Please give back, exactly as written, the lines from the line with "天下午统一合区,晚上20:00统一拿沙,保底发放红包888-1888." to the line with "2、クロスする足は外に向き過ぎないように注意する 〈部位〉 ・脚 ・お尻" in the listing below, leaving out all pictures.

Given data =
━━━━━━
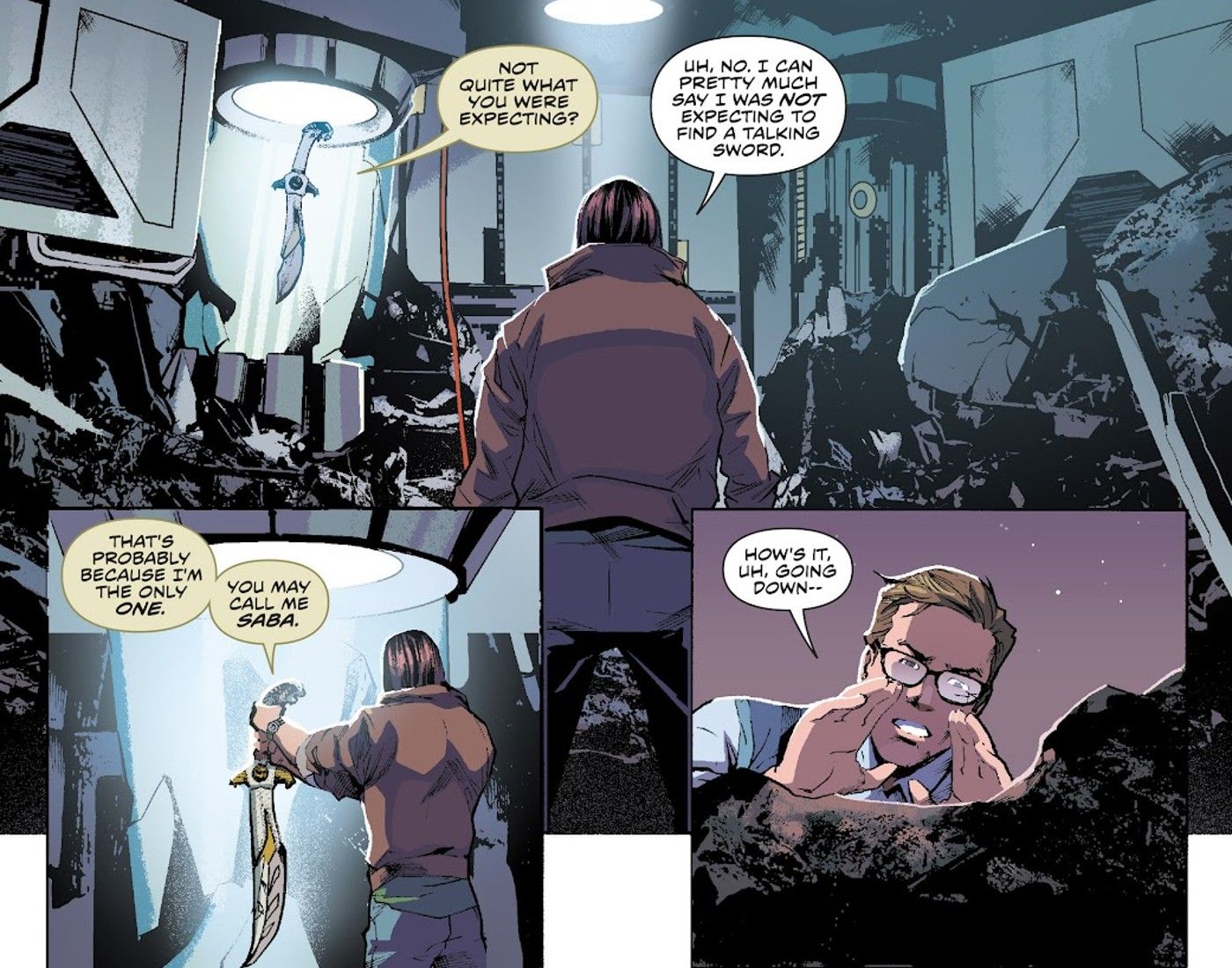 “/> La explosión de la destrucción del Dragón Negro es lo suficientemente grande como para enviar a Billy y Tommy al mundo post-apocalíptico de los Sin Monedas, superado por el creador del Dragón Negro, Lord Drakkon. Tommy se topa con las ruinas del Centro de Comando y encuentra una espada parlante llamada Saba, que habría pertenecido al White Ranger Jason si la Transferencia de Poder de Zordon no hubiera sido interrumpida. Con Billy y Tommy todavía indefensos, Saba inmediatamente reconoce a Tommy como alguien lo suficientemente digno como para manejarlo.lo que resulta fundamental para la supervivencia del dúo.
━━━━━━
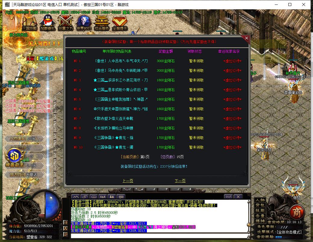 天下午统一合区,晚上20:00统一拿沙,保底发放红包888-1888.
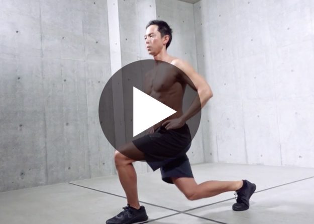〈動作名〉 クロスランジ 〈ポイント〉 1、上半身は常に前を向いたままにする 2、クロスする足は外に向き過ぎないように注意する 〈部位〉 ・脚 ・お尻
━━━━━━
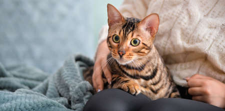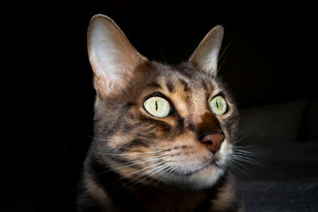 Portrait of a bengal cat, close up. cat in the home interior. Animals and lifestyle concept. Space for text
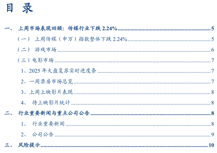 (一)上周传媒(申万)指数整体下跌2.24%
━━━━━━
Completed task =
 天下午统一合区,晚上20:00统一拿沙,保底发放红包888-1888.
〈動作名〉 クロスランジ 〈ポイント〉 1、上半身は常に前を向いたままにする 2、クロスする足は外に向き過ぎないように注意する 〈部位〉 ・脚 ・お尻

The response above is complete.